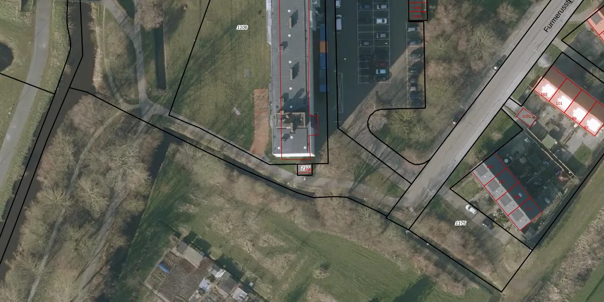 Het perceel waarop Furmerusstraat 584 staat heeft een oppervlakte van 3790 m². Dit is een zeer groot perceel. De perceeloppervlakte wordt geregistreerd door het Kadaster. Gedetailleerde informatie over de maten van dit perceel kunt u vinden in het rapport Kadastrale kaart met maatvoering van Furmerusstraat 584.
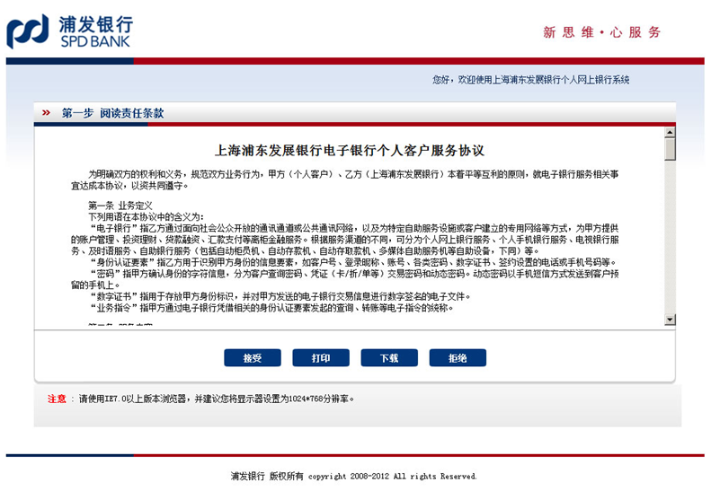 1. 进入首次登录校验流程,阅读并接受《上海浦东发展银行个人网上银行客户服务协议》。
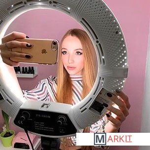Лампа абсолютно универсальна и подойдет для любого бьюти специалиста, на модель Premium 480 можно делать отличные фото (визажист, парикмахер и тд) а так же работать под лампой (лэшмейкер, мастер перманентного макияжа, косметолог).Мощный световой поток — 9600 люмен, позволяет ярко освещать объекты с дальних расстояний (6-8 метров). Такой лампы достаточно, чтобы осветить большую фотозону с несколькими людьми или полностью рабочую зону визажиста, без использования дополнительного освещения.Теплый | нейтральный | холодный свет и регулировка яркости – необходимые функции для всех, кто создает портфолио. Добивайтесь необходимых эффектов в работе и во время съемки просто сменив цветовую температуру освещения!Кольцевая лампа имеет очень надежные крепления, что позволяет абсолютно безопасно наклонять ее над клиентом и фиксировать в горизонтальном положении (под углом 90 градусов).Удобный цифровой дисплей для регулировки яркости и цветовой температуры.Кольцевая лампа обеспечивает равномерное освещение, которое при необходимости можно направить в любую сторону. Также лампа совместима с любыми смартфонами, фото/видеокамерами и планшетами и может использоваться как большая лампа на штативе для селфи. Кольцевой свет лампы интересно подчеркивает фактуру кожи, идеально передает оттенки макияжа и цвет волос, лампа не нагревается и макияж не «плывет». Фотографии получаются потрясающими даже без обработки.Комплектация:лампа, штатив, сумка, сетевой кабель, крепление для телефона, зеркало, гибкое крепление, селфи пульт.
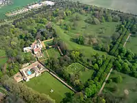 The grounds are bounded on the north-west by Bottisham Lode, with Lode Mill, bought and restored by Lord Fairhaven in 1934, at its head. To the south of the mill is the quarry pool, a large pool believed to be the site of a 19th-century coprolite mine.[4]
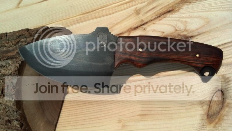 So this is my third knife, out of the original 15 that I cut profiled and sent out to heat treat. I've been slammed at work with travel, so I haven't had any time to work on knives but I managed to eek this one out over the course of a couple weeks at night. The handle tapers towards the blade and then again towards the butt. I showed my friend who it's for and he wants to put it in his going away shadow box from work. Kinda disappointed it won't be getting actually used but happy he likes it enough to display it. Comments/ critiques welcome as always.
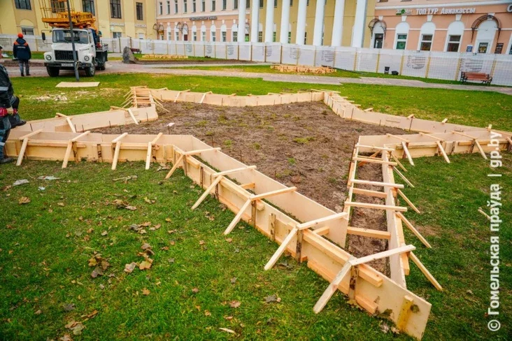 Homielskija ŭłady dziela ŭstanoŭki pomnika Rakasoŭskamu vysiekli ceły skvier u centry horada
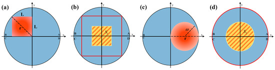 The best matching scheme for spots generated by NI-MLA and COS-QD with the QD. (a) The size relationship between the square Spot and QD. (b) The computation range of the square spot on QD. (c) The size relationship between the circle spot and QD. (d) The computation range of the circle spot on QD.
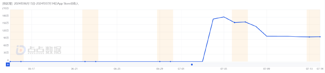 根据点点数据,《绝区零》前10天,中国大陆iOS端预估收入(扣除平台分成)约9575万元人民币,具体分时间预估收入情况,以及iOS每日最高畅销榜情况如下:
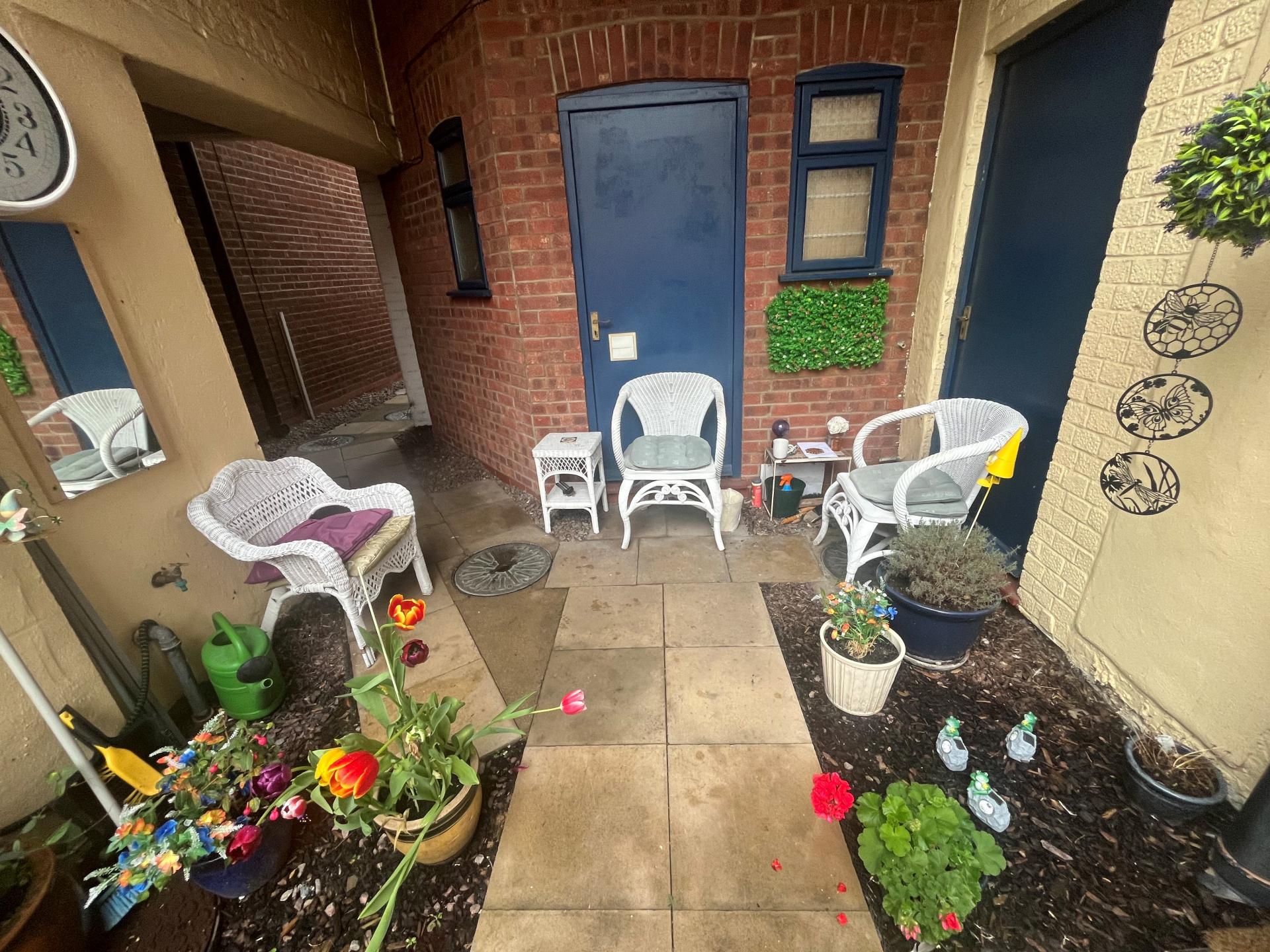 EXTERIOR The property is approached through a passageway and communal entrance door. There is a communal seating area and concreted shared yard to the rear.
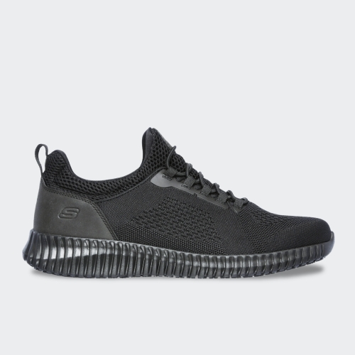 La comodidad y la protección se combinan en la Skechers Work ™Relaxed Fit®: Cessnock SR. Modelo con parte superior de malla Skech Knit con cordones elásticos, plantilla Skechers Air-Cooled Memory Foam® con amortiguación y suela antideslizante.
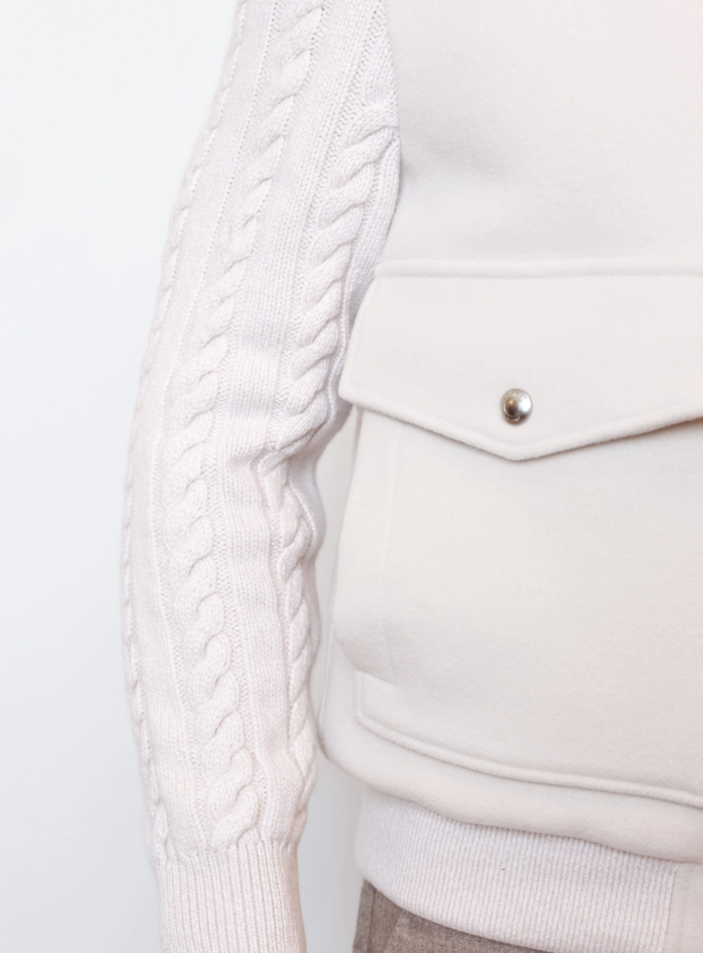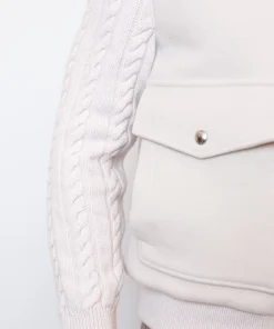 Основна частина виготовлена з суміші вовни та кашеміру з додаванням поліаміду для зносостійкості. В’язані рукава з вовни, віскози та кашеміру роблять силует сучасним і надають образу динамічності.
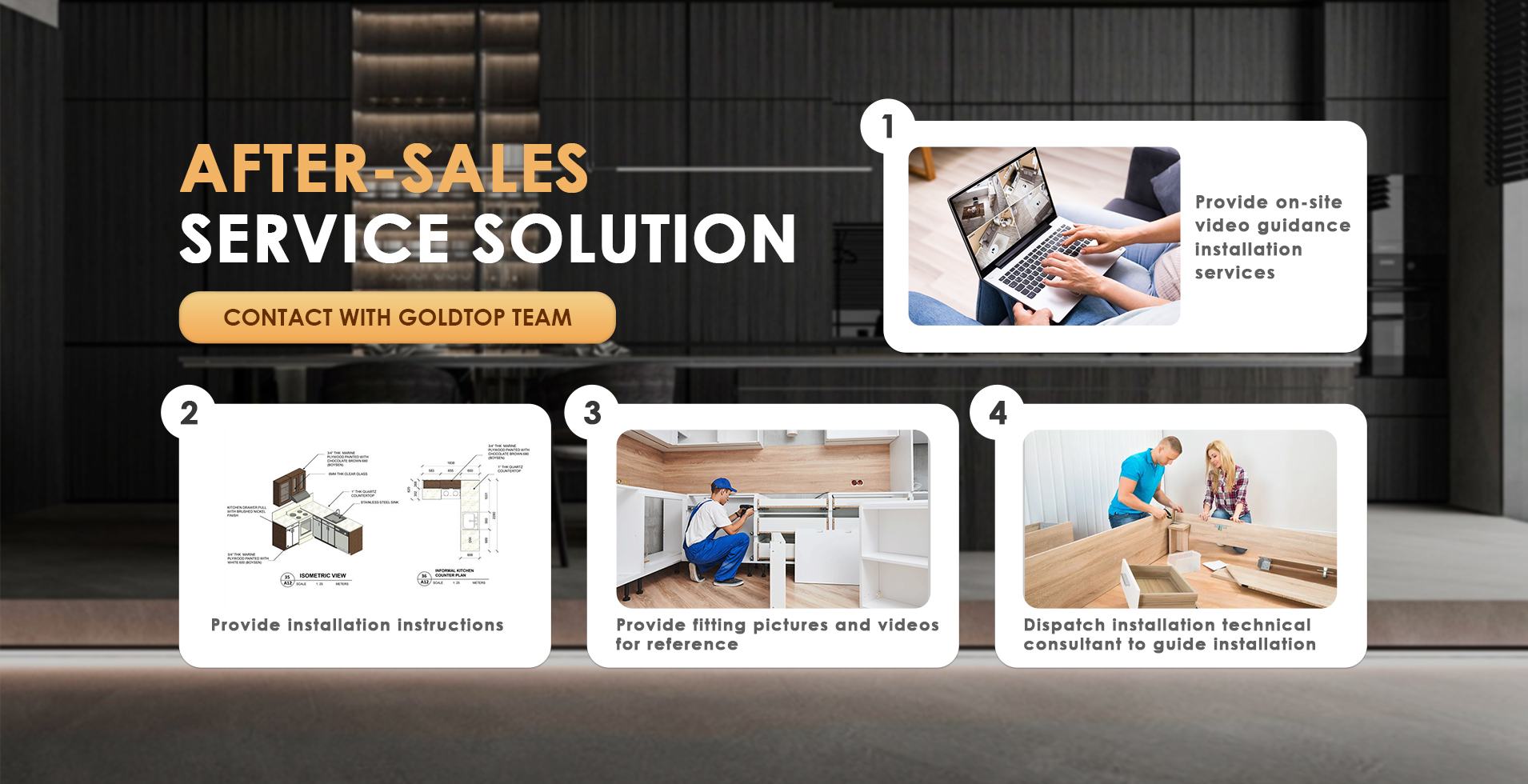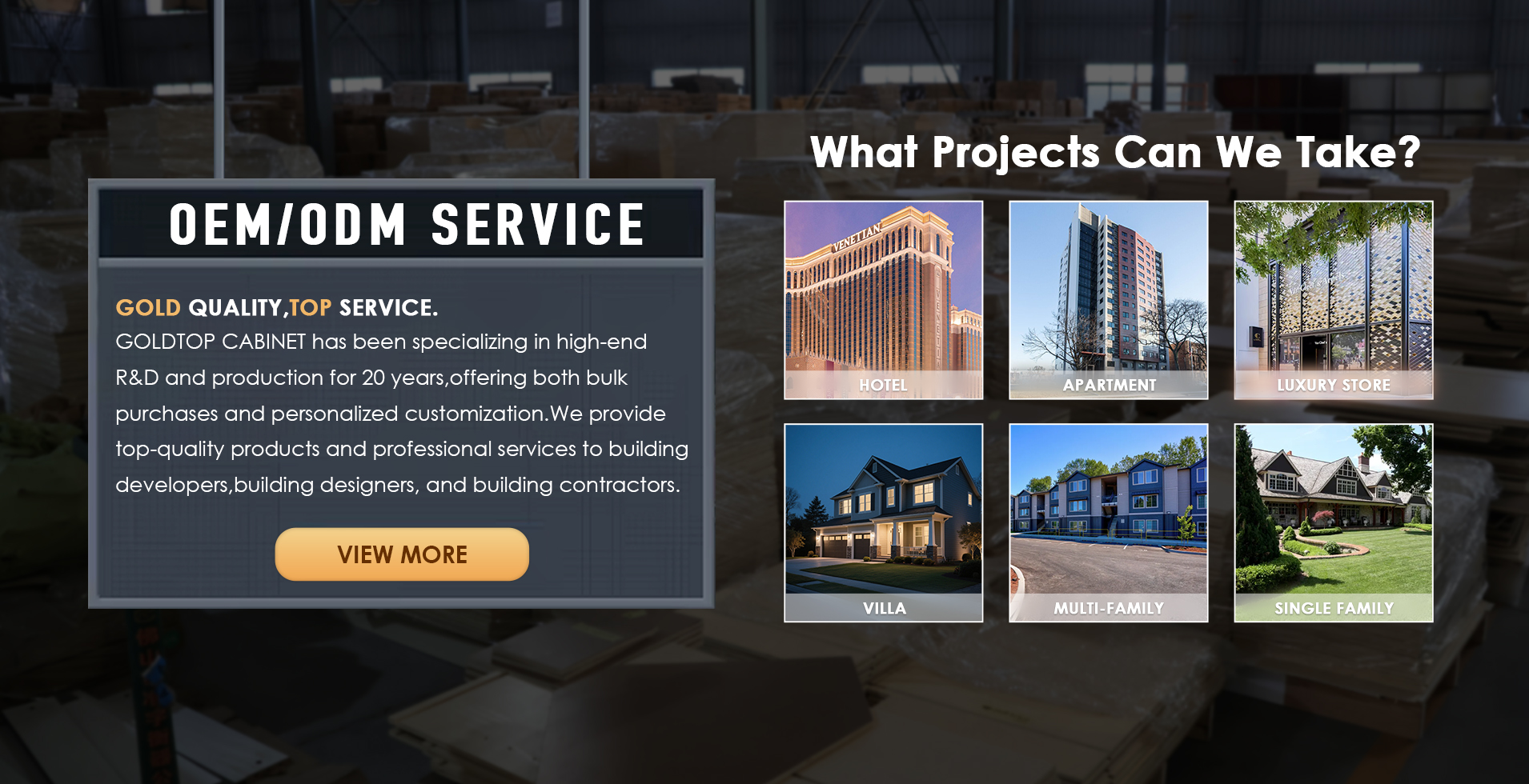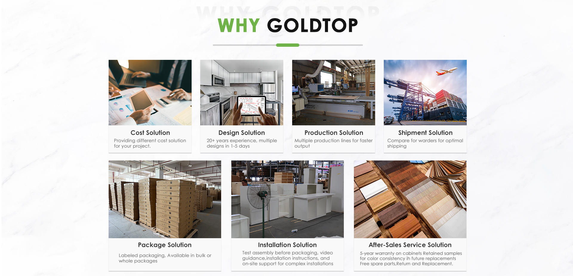 Goldtop Stone, a company specializing in integrated solutions for high-end stone and cabinet projects.

+ + + +

# Problem description
Nothing but the lines above from the one that has "The grounds are" down to the one that has "La comodidad y" belongs in the answer, copied exactly, without pictures.

# Response to this task
 The grounds are bounded on the north-west by Bottisham Lode, with Lode Mill, bought and restored by Lord Fairhaven in 1934, at its head. To the south of the mill is the quarry pool, a large pool believed to be the site of a 19th-century coprolite mine.[4]
 So this is my third knife, out of the original 15 that I cut profiled and sent out to heat treat. I've been slammed at work with travel, so I haven't had any time to work on knives but I managed to eek this one out over the course of a couple weeks at night. The handle tapers towards the blade and then again towards the butt. I showed my friend who it's for and he wants to put it in his going away shadow box from work. Kinda disappointed it won't be getting actually used but happy he likes it enough to display it. Comments/ critiques welcome as always.
 Homielskija ŭłady dziela ŭstanoŭki pomnika Rakasoŭskamu vysiekli ceły skvier u centry horada
 The best matching scheme for spots generated by NI-MLA and COS-QD with the QD. (a) The size relationship between the square Spot and QD. (b) The computation range of the square spot on QD. (c) The size relationship between the circle spot and QD. (d) The computation range of the circle spot on QD.
 根据点点数据,《绝区零》前10天,中国大陆iOS端预估收入(扣除平台分成)约9575万元人民币,具体分时间预估收入情况,以及iOS每日最高畅销榜情况如下:
 EXTERIOR The property is approached through a passageway and communal entrance door. There is a communal seating area and concreted shared yard to the rear.
 La comodidad y la protección se combinan en la Skechers Work ™Relaxed Fit®: Cessnock SR. Modelo con parte superior de malla Skech Knit con cordones elásticos, plantilla Skechers Air-Cooled Memory Foam® con amortiguación y suela antideslizante.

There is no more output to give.